-- Stored data --

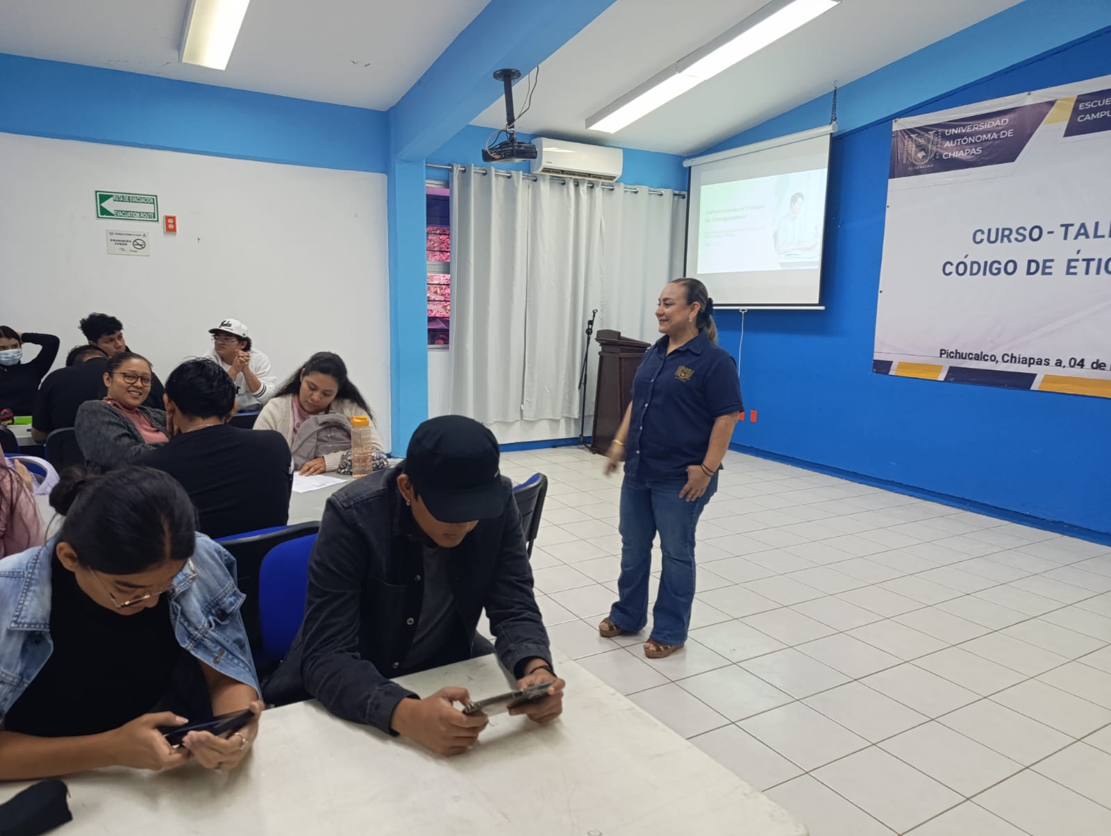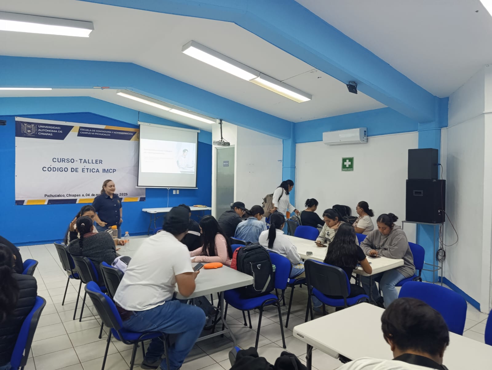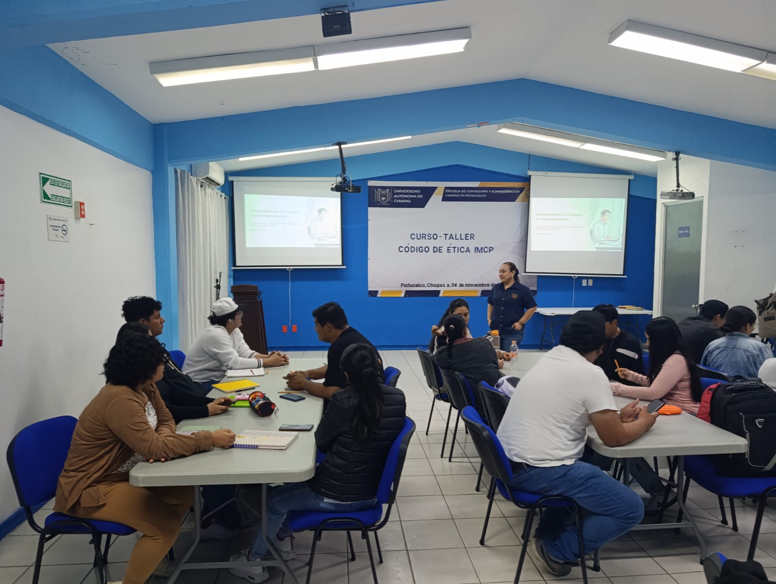 Pichucalco, Chiapas; octubre de 2025. — En seguimiento a las actividades de formación ética y profesional que promueve la Benemérita Universidad Autónoma de Chiapas (UNACH), se llevó a cabo en la Sala de Usos Múltiples de la Escuela de Contaduría y Administración, Campus VII Pichucalco, la cuarta sesión del Curso-Taller del Código de Ética Profesional del Instituto Mexicano de Contadores Públicos (IMCP).
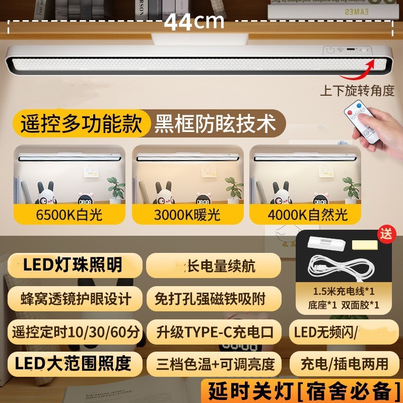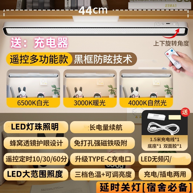 • 44cm 화이트 필라이트 리모콘 모델 [충전 및 플러그인 + 디밍 및 색상 조정 + 회전 각도] + 충전기 + USB 충전 케이블
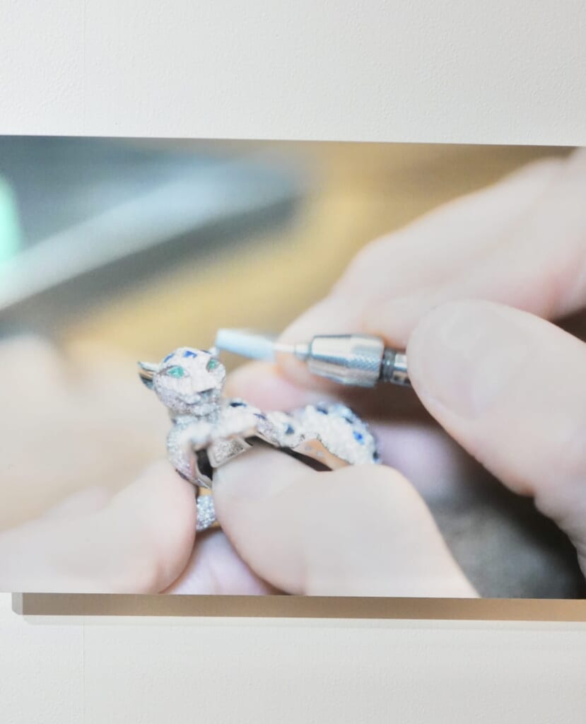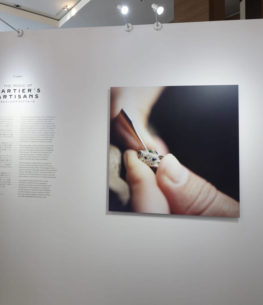 1Fではパリのハイジュエリーアトリエを撮り下ろした作品が展示されています。職人たちの繊細な手元や、宝石が放つ一瞬の光を切り取った写真は、まるでアートギャラリーにいるような美しさです。
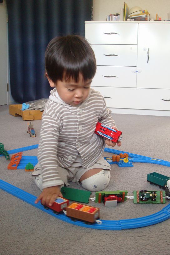『赤ちゃん用の電車だけど、Theoはぴったりはまったわ』だって。
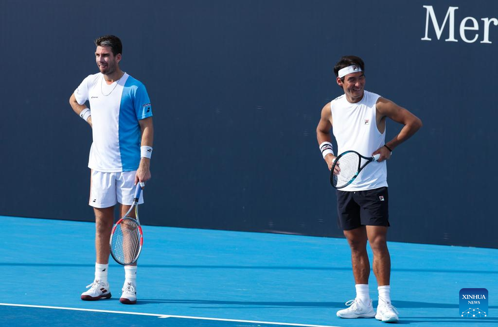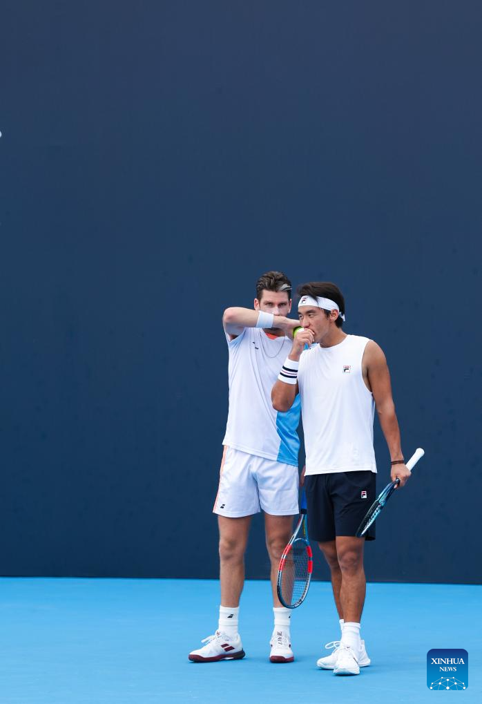 Bu Yunchaokete (L)/Cameron Norrie (front) compete during the men's doubles first round match between Bu Yunchaokete (China)/Cameron Norrie (Britain) and Marcelo Melo (Brazil)/Alexander Zverev (Germany) at 2025 China Open tennis tournament in Beijing, China, Sept. 25, 2025. (Photo by Ma Zihan/Xinhua)

-- Exercise objective --
The job here is to write out the records exactly, pictures excluded.

-- Exercise solution --
 Pichucalco, Chiapas; octubre de 2025. — En seguimiento a las actividades de formación ética y profesional que promueve la Benemérita Universidad Autónoma de Chiapas (UNACH), se llevó a cabo en la Sala de Usos Múltiples de la Escuela de Contaduría y Administración, Campus VII Pichucalco, la cuarta sesión del Curso-Taller del Código de Ética Profesional del Instituto Mexicano de Contadores Públicos (IMCP).
 • 44cm 화이트 필라이트 리모콘 모델 [충전 및 플러그인 + 디밍 및 색상 조정 + 회전 각도] + 충전기 + USB 충전 케이블
 1Fではパリのハイジュエリーアトリエを撮り下ろした作品が展示されています。職人たちの繊細な手元や、宝石が放つ一瞬の光を切り取った写真は、まるでアートギャラリーにいるような美しさです。
『赤ちゃん用の電車だけど、Theoはぴったりはまったわ』だって。
 Bu Yunchaokete (L)/Cameron Norrie (front) compete during the men's doubles first round match between Bu Yunchaokete (China)/Cameron Norrie (Britain) and Marcelo Melo (Brazil)/Alexander Zverev (Germany) at 2025 China Open tennis tournament in Beijing, China, Sept. 25, 2025. (Photo by Ma Zihan/Xinhua)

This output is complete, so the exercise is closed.